Original Version: 0x1022
Past Upgrade: 0x1022
Future Upgrade: Not Scheduled

Is that the most current???

Thanks AGAIN for all the help - don't know what I'd do without y'all!

Doug
Richmond, VA


----------



## Earl Bonovich (Nov 15, 2005)

Delete the SL and re-add it.


----------



## dbilski (Nov 2, 2006)

I'm SO sorry for wasting your time - I figured out what I did wrong. Since the s how airs on NBC, I chose the wrong NBC. Instead of local channel 12, I set the SL up for a different NBC that I don't even get. I'm such an idiot! Sorry, folks...

However - is my firmware version current??? I'm still wondering about that one!

Doug


----------



## qwerty (Feb 19, 2006)

The 100 model hasn't had any updates yet. You're current.


----------



## dsstalkcom (Oct 14, 2006)

just missed my first SL. Heroes 11/7. saw it started recording at 8:58pm. should finish at 10:05pm. went to watch it at 10:24pm. nada. disappear, never show up on the list. only show the other 2 older eps.

never had a missed season pass from my old unit.

just dont kow what to say about the R15-100.


----------



## Clint Lamor (Nov 15, 2005)

Mine didn't miss Heros last night but it must have run long.

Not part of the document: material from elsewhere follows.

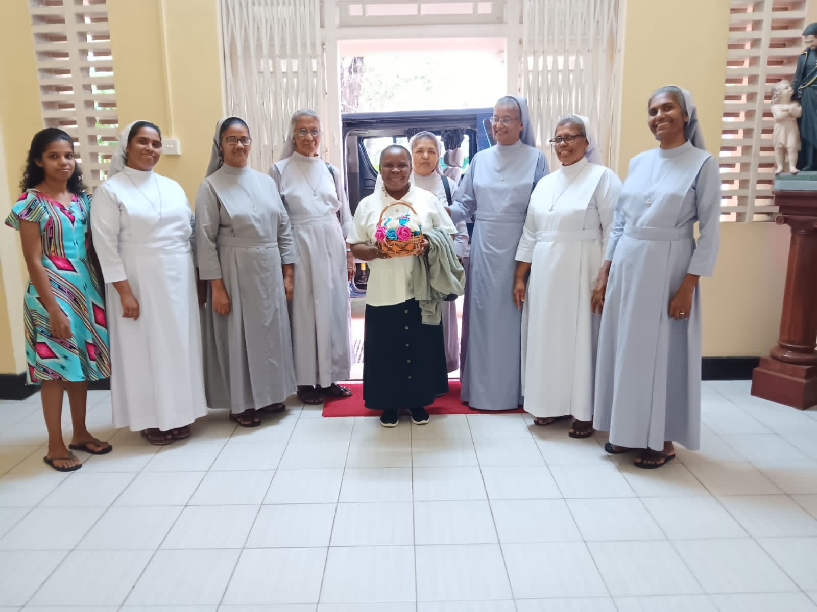 Arrivée à la maison provinciale, toutes les sœurs m’attendaient. La Provinciale m’a remis un panier de fleurs, puis elles m’ont invitée à entrer seule à la chapelle. Après un rafraichissement, nous sommes allées à table pour grignoter quelque chose.

The recording ended right at 9pm but it seemed like a very odd ending point and I also didn't get the previews for the next one.


----------



## cabanaboy1977 (Nov 16, 2005)

dsstalkcom said:


> just missed my first SL. Heroes 11/7. saw it started recording at 8:58pm. should finish at 9:05pm. went to watch it at 10:24pm. nada. disappear, never show up on the list. only show the other 2 older eps.
> 
> never had a missed season pass from my old unit.
> 
> just dont kow what to say about the R15-100.


Check history and see if it says recorded or canceled. If it says recorded try selecting that history entry and see if it will let it play.


----------



## dsstalkcom (Oct 14, 2006)

cabanaboy1977 said:


> Check history and see if it says recorded or canceled. If it says recorded try selecting that history entry and see if it will let it play.


i read about the history. i check it and nothing. very strange.

so i reset the unit again. becoming like a daily thing now. now my manual recording does not record. everytime i reset i notice the shows are not listed. probably take a few days to list things completely. just dont know what to say about this R15-100.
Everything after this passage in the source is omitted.